The Civil Society

Professor Hamid Mowlana

Introduction
Discussion about the civil society

Before making an attempt to define the term “civil society” and presenting its true face, we must provide appropriate answers to the following questions: Why has the discussion about the ‘civil society’ been so much popular nowadays? What is the purpose of all the struggles for propagating the ‘civil society’?

Discussion of civil society has a longstanding history in the West. Civil society has been discussed in the works of philosophers like LockeDe TocquevilleHegelMarx, and Gramsci. However, being a political theory, the subject of “civil society” was not much focused on by the scientific circles, the media, and political parties in Europe and the US till the end of the 1980s. Till two decades ago, the number of books and articles written about the “civil society” was very few, and there were no credit courses called “civil society” in the schools and universities of the West. Nonetheless, in conferences and courses on government, democracy, and development one can see some discussions on the term civil society. The notions of “modern society”, “developed society, “industrial, democratic society”, “social, democratic society”, and “society and the government of prosperity” were emphasized in Western Europe while in the US notions like “democracy”, “free world”, “open society”, “political development”, and “modern society” were more publicized.

Today, we confront a multitude of questions: What are the original political, social, and historical bases of civil society? What are the ideas of Western thinkers on this issue? And, what are the indicators and institutes of civil society? How has the notion of “civil society” been mingled with the projects and policies of democracy? Is civil society possible at an international level? Is the desired civil society the same as the ideal society of human beings?

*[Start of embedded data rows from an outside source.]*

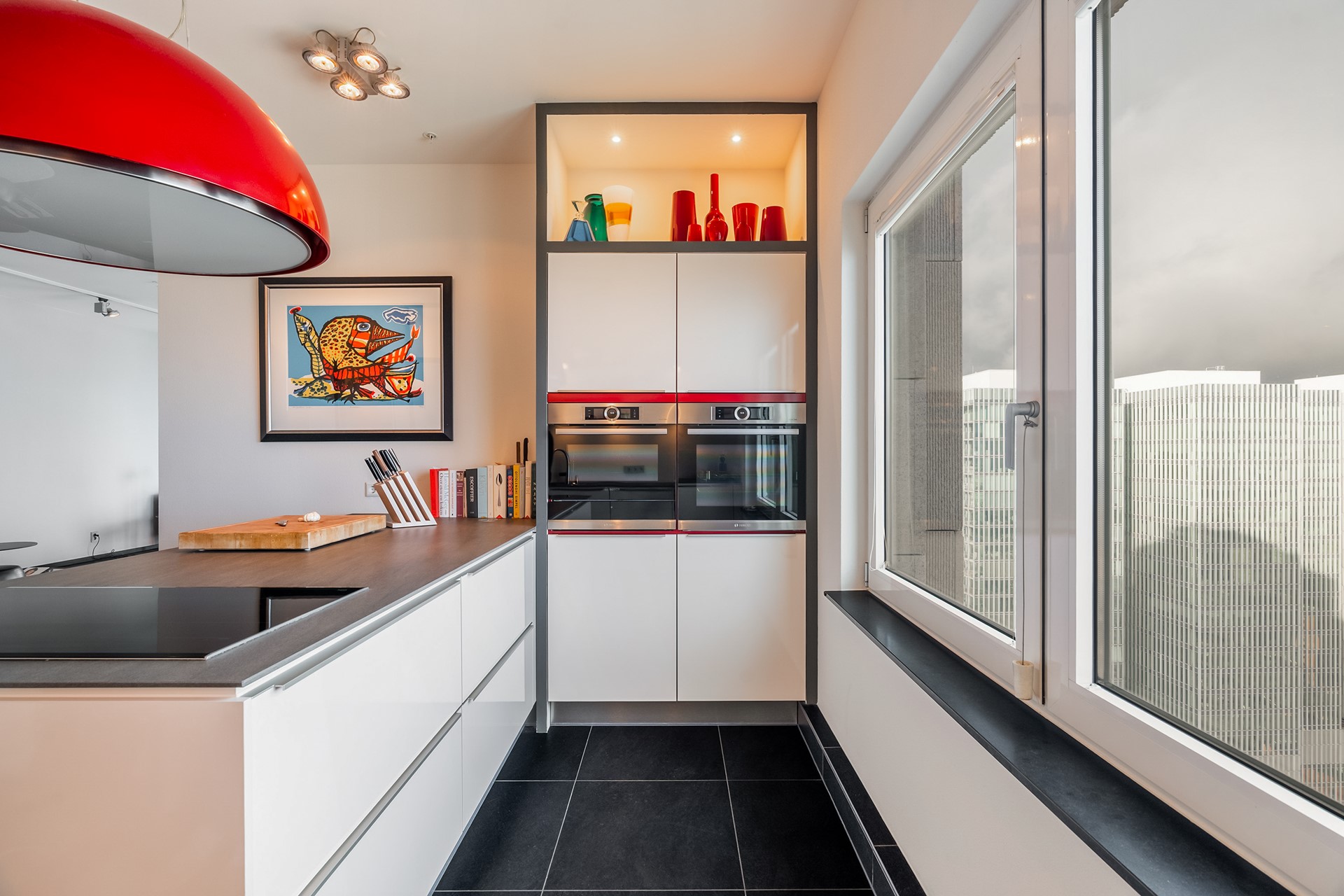 De gehele woning onderscheidt zich door een hoogwaardige afwerking, zoals grote ramen rondom die doorlopen tot vloerhoogte en speciaal ontworpen kasten.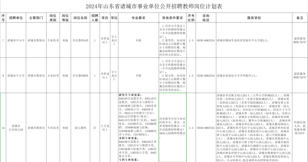 2024年山东省潍坊诸城市事业单位公开招聘教师简章
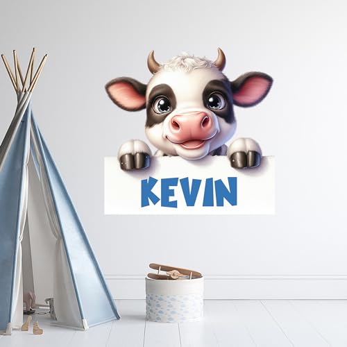 GRAZDesign Wandtattoo Kuh mit Namen personalisiert, Wandaufkleber Kinderzimmer Türaufkleber Schrank Aufkleber selbstklebend - 58x57cm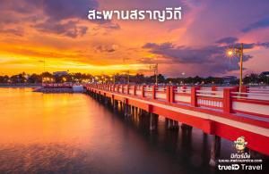 สะพานสราญวิถี เดิมมีชื่อว่า สะพานปลาประจวบ เพราะเคยมีการค้าขายปลากันที่นี่ แต่หลังจากที่ยกเลิกสะพานปลาไป ก็ได้ซ่อมแซมให้เป็นสะพานสีแดง มีเอกลักษณ์ที่โดดเด่น และเป็นจุดถ่ายรูป ชมวิวพระอาทิตย์ตกดินที่สวยที่สุดแห่งหนึ่งในเมืองประจวบเลย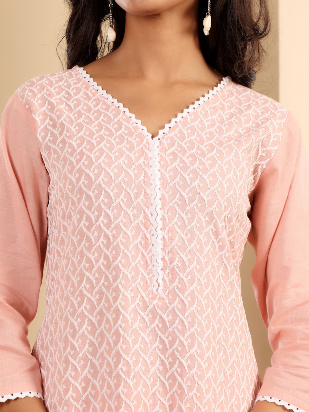 Dhiyona VA Women'sFloral Embroidered Thread Work Straight Kurta With Trousers & Dupatta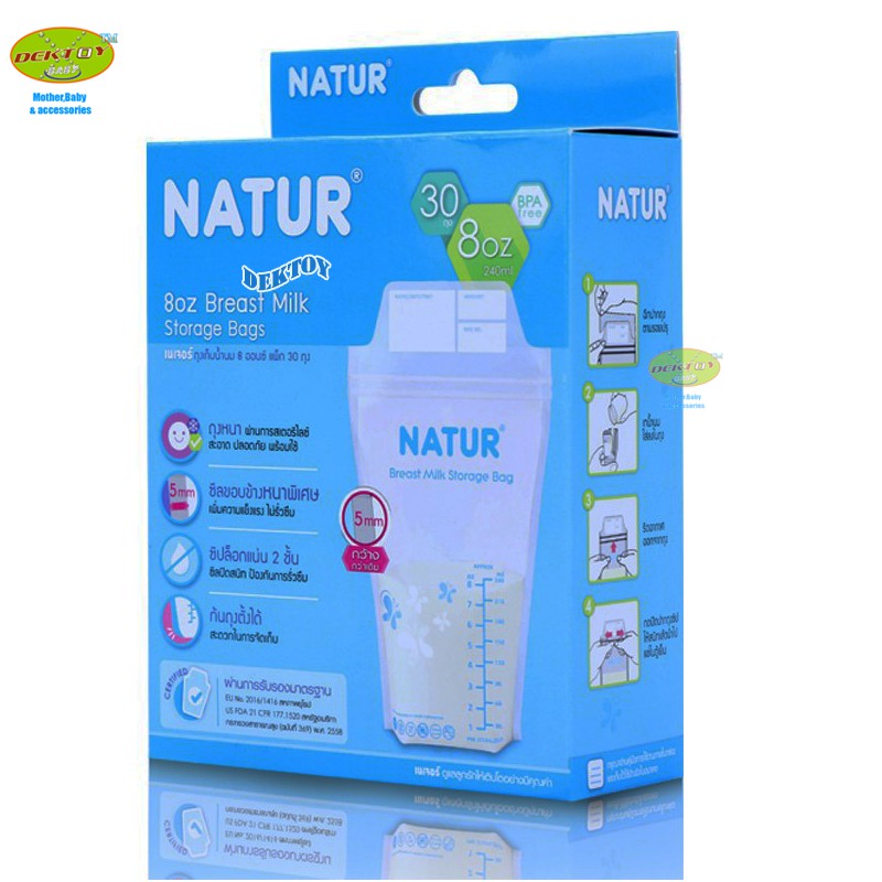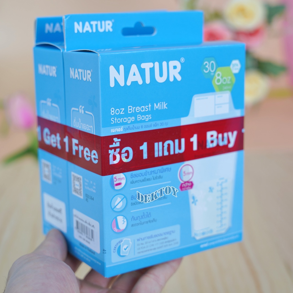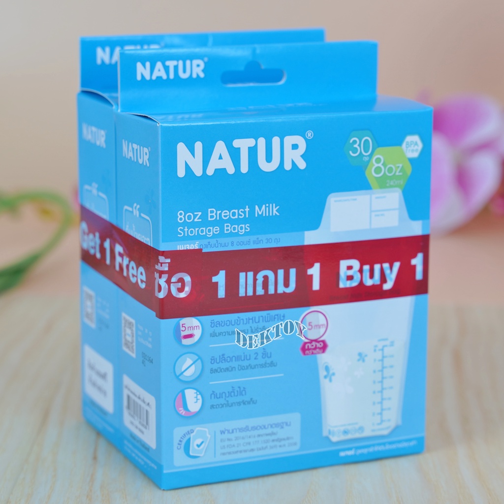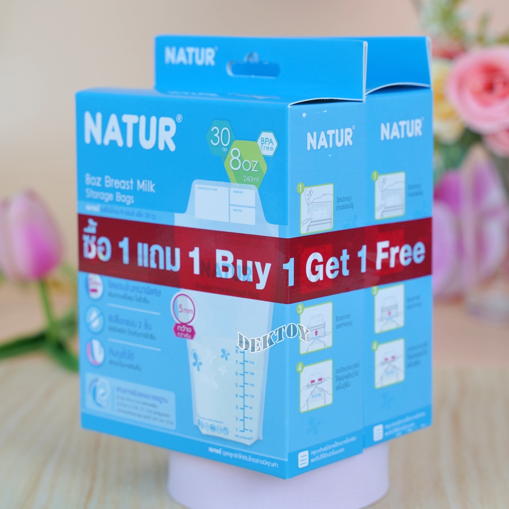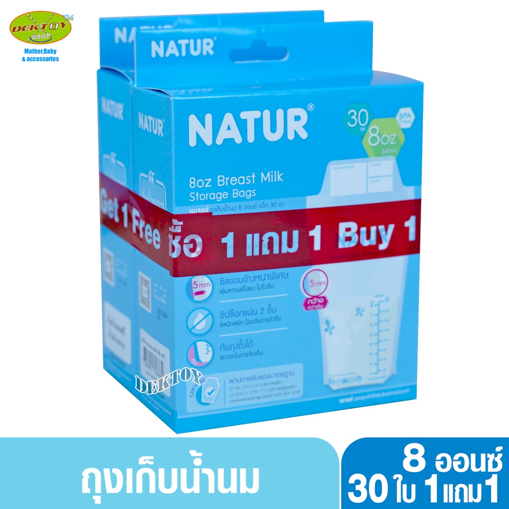 1 แถม1 NATUR เนเจอร์ ถุงเก็บน้ำนมเนเจอร์ ซีลขอบข้างหนาพิเศษ 8 ออนซ์ 30 ใบ

For more than 4 decades, from the end of the 1950s to today, I have witnessed and followed the convoy of the civil society in the West, Europe, and North America; from the times when the notion was obscure and unknown to the recent modern times, first as a student, and thereafter as a professor, and for a while as the president of the society and academy of one of the programs in social sciences. What is being presented to readers in this book is a critique and analysis of the civil society in the West by considering its theoretical and practical aspects throughout history including its institutional dimensions and non-congruent structural trajectories in modern times.

Apart from small references which have been made to them here and there, the subject “civil society” in the Islamic countries and the comparative survey of the civil society with the Islamic society require separate studies and do not fall within the scope of the present book.